Les Mongs constituent un peuple étranger dans la décharge. Nul ne sait d’où ils viennent. Leurs cabanes ne sont installées dans aucun secteur proche. On raconte qu’ils dorment au creux d’une vallée cachée, à deux heures de la favela. On raconte qu’ils composent une unique tribu qui se répand le matin dans toute la décharge, qu’ils payent un impôt gigantesque au préfet. On dit aussi qu’ils n’ont pas d’odeur, qu’ils organisent à chaque pleine lune une grande cérémonie au cours de laquelle ils mangent leurs morts. Mais surtout on les craint car on les soupçonne de constituer le principal réseau d’information d’Ankar. Ils sont partout, apparaissent et disparaissent dans la plus grande discrétion. On raconte tant de choses sur les Mongs que personne ne sait que croire. Mais le plus probable est qu’ils tentent de survivre comme tous les peuples de la décharge.
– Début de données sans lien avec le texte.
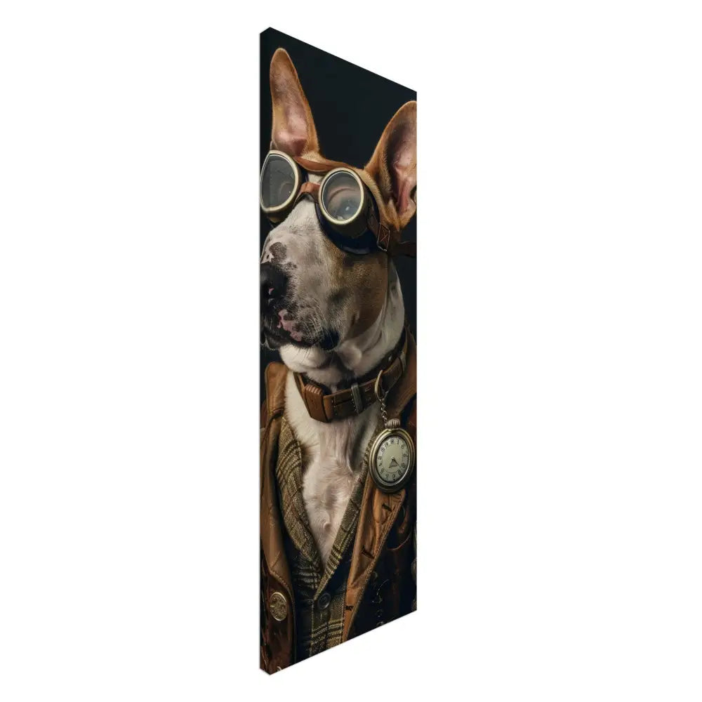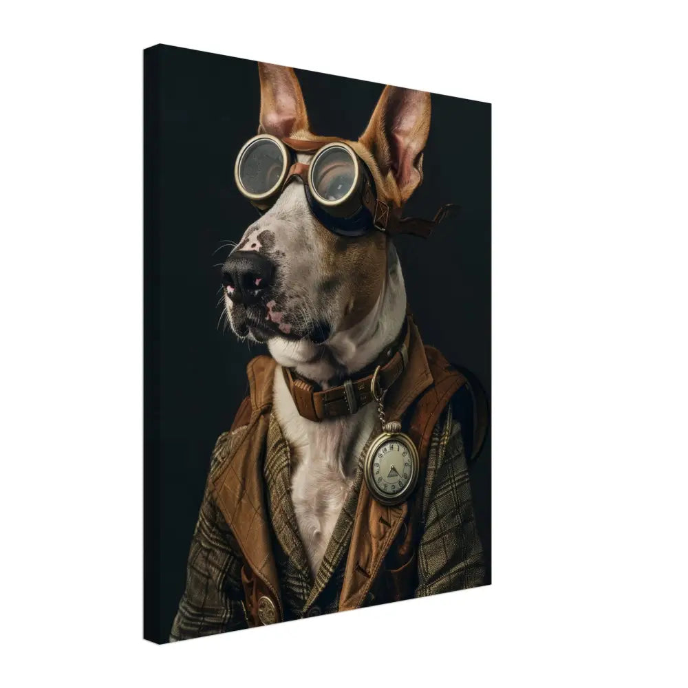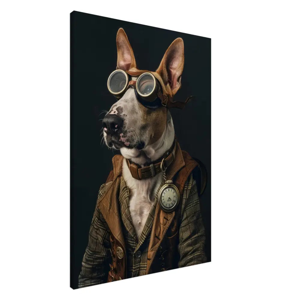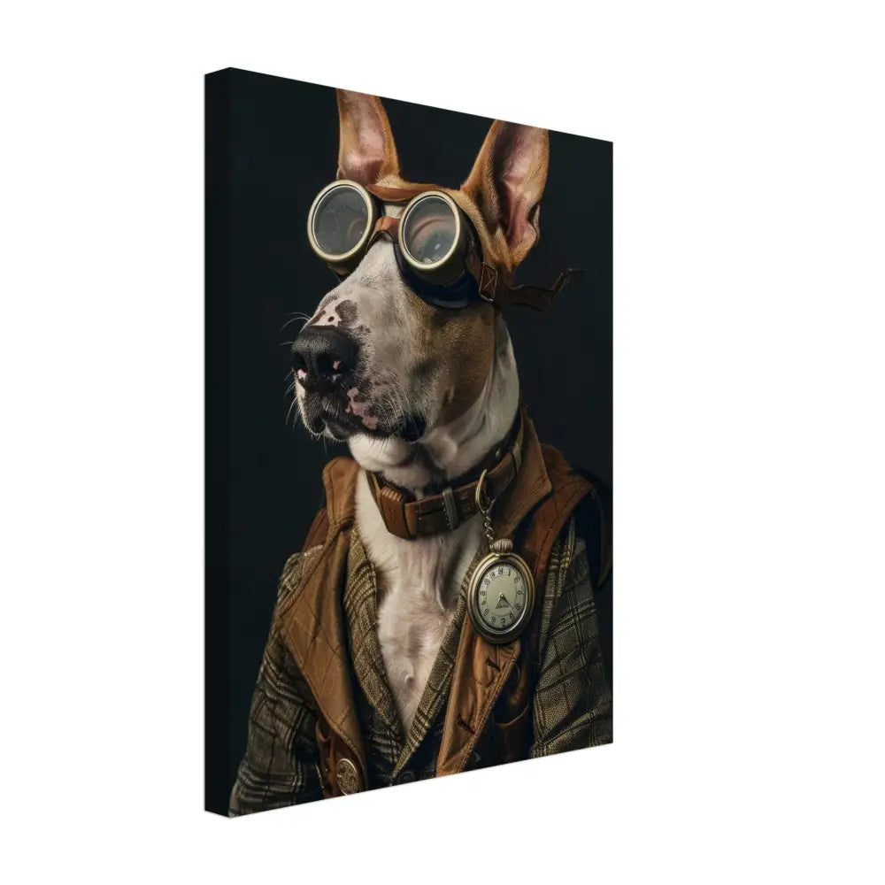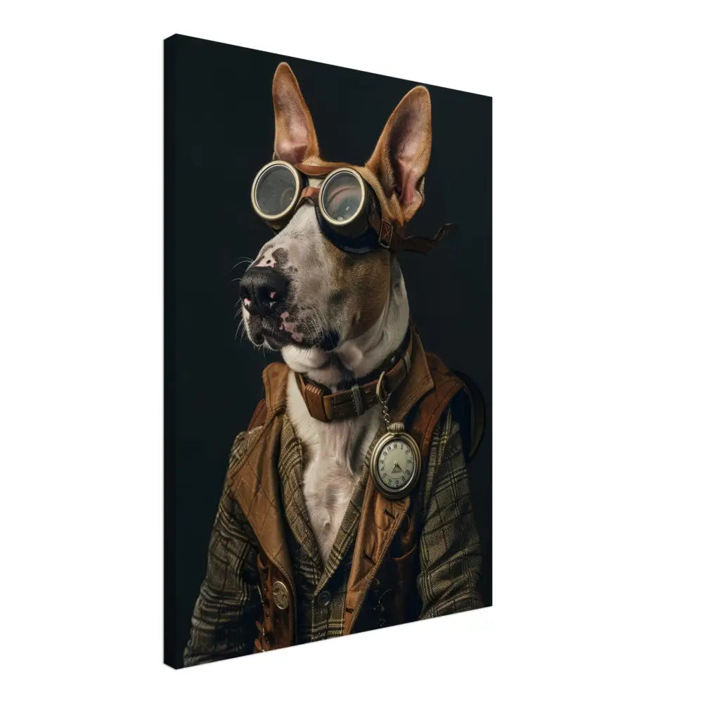Deze afbeelding toont een hond, gekleed in een prachtige vintage steampunk outfit. Hij draagt een elegante, bruine jas met ruitpatroon en leren accenten, wat een klassieke uitstraling geeft. Om zijn nek hangt een antieke zilveren klok, die de tijdloze charme van de outfit benadrukt. De kop wordt gesierd door een paar grote, retro-futuristische brillen met robuuste, bronzen metalen details, wat hem een avontuurlijke look geeft. De pootjes zijn voorzien van verfijnde leren manchetjes met contrasterende stiksels, wat het geheel afmaakt. De donkere achtergrond zorgt ervoor dat de opvallende details van het portret nog meer benadrukt worden.

Ce dont chacun est sûr, c’est que tous les matins, quand la noria monte vers le secteur à la première lueur, ils apparaissent les premiers. Ils investissent les crêtes, les vallées. S’étirent à l’orée du secteur. Partout d’où ils peuvent compter et surveiller la montée des camions, préparer et attendre leur descente une heure plus tard. Ils se dispersent, et s’installent, solitaires. Un Mong est toujours maigre. Sa peau est plus pâle que celle des autres peuples. Ses yeux sont plus étirés, Ses cheveux plus drus. Les Mongs sont tous vêtus d’une chemise de couleur jaune ou bleue, d’un pantalon qui s’arrête sous le genou. Sur leur tête ils posent le chapeau conique qui les rend reconnaissables de loin.
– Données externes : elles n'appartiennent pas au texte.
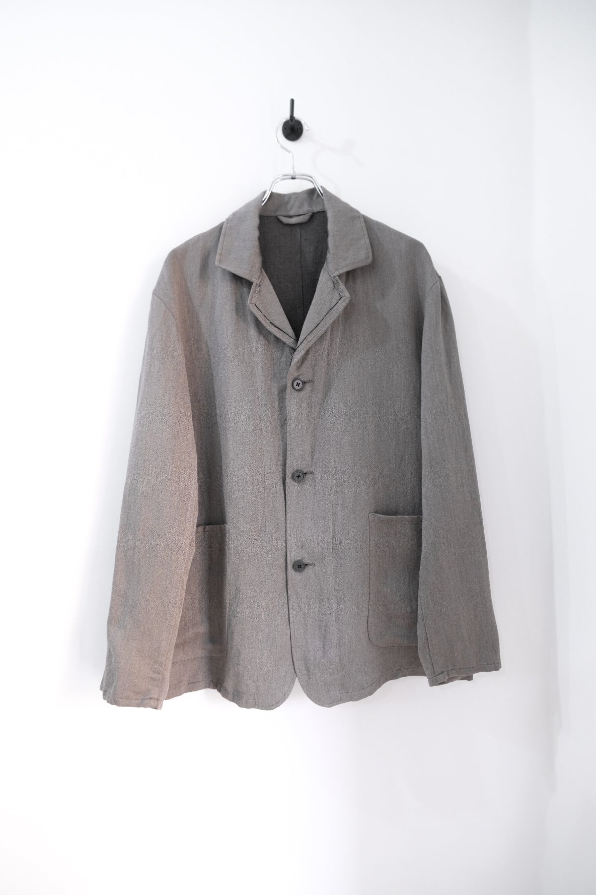 剥ぎ取られたかの様なラペル仕様など、⻑年着込まれたような粗野な雰囲気を加えながら、製品洗いをかけることで表情のある佇まいとカーディンガンのよう軽やかな印象に仕上げている。

Hoc n’en a pas appris beaucoup plus sur les Mongs. Il a rarement affaire à eux. Ils parlent peu. Ne sourient jamais. Ils s’accroupissent au bord du chemin, et entrent en somnolence. A même le sol ils ont déplié la balance de cuivre dont les deux plateaux hésitent sur l’équilibre. Tout près, un container de poubelle attend, dans lequel ils jetteront les lots qu’ils ont acquis.

Hoc remonte l’allée des Mongs. Ils évoluent presque au ralenti. Leur regard est fixe. Ils attendent. On les croirait en terre cuite. Le ronronnement des moteurs n’a pas encore commencé mais ils sont déjà à leur poste. Hoc n’ose pas leur adresser la parole. Eux ne lèvent pas la tête à son passage. Il ne les intéresse pas. Les Mongs ne s’éveillent que lorsque des récupérateurs passent à proximité avec des sacs remplis de choses négociables comme les bouteilles vides, les papiers, les sacs. Ils les sentent. Ils sortent alors de leur torpeur, lancent un salut sans la moindre mimique, et proposent de peser leurs trouvailles. Les prix sont fixés d’avance. Inutile de marchander ou d’espérer un meilleur prix un peu plus loin. Les Mongs forment un cartel immuable. Personne n’ira vérifier que les balances sont justes, que leur calcul est exact, que le prix est le bon. Non, Hoc, dans sa maigreur, ses mains libres et ses yeux vifs ne peut rien posséder de négociable.

 

Hoc sait tout cela. Ces Mongs là ne l’intéressent pas. Il existe d’autres Mongs, plus spécialisés. Des marchands qui n’achètent pas les choses banales que leurs confrères négocient au kilo. Eux sont ici chaque jour pour des objets différents, des images rares. Tout ce qui se négocie à la pièce. Bien sûr ces Mongs sont moins nombreux, et bien sûr les prix varient selon les objets.
On les appelle les recéleurs. Les recéleurs se distinguent par leur torse nu et leur cou tatoué d’un crovak. Leur chapeau est plus large et plus plat que celui des autres Mongs. Ils se regroupent tout au bout du chemin. Quand les récupérateurs se sont défaits du plus gros de leurs trouvailles. Alors les plus chanceux se dirigent vers les recéleurs pour négocier une dernière prise. C’est vers ces petits hommes aux yeux morts que Hoc se dirige. Il interroge le premier qu’il rencontre, lui tend le bout de papier qu’il serre encore très fort dans sa main :

- Tu me donnes combien pour çà ?

L’homme offre un visage couleur des herbes sèches. Il plisse ses yeux à faire disparaître ses pupilles, examine attentivement l’image.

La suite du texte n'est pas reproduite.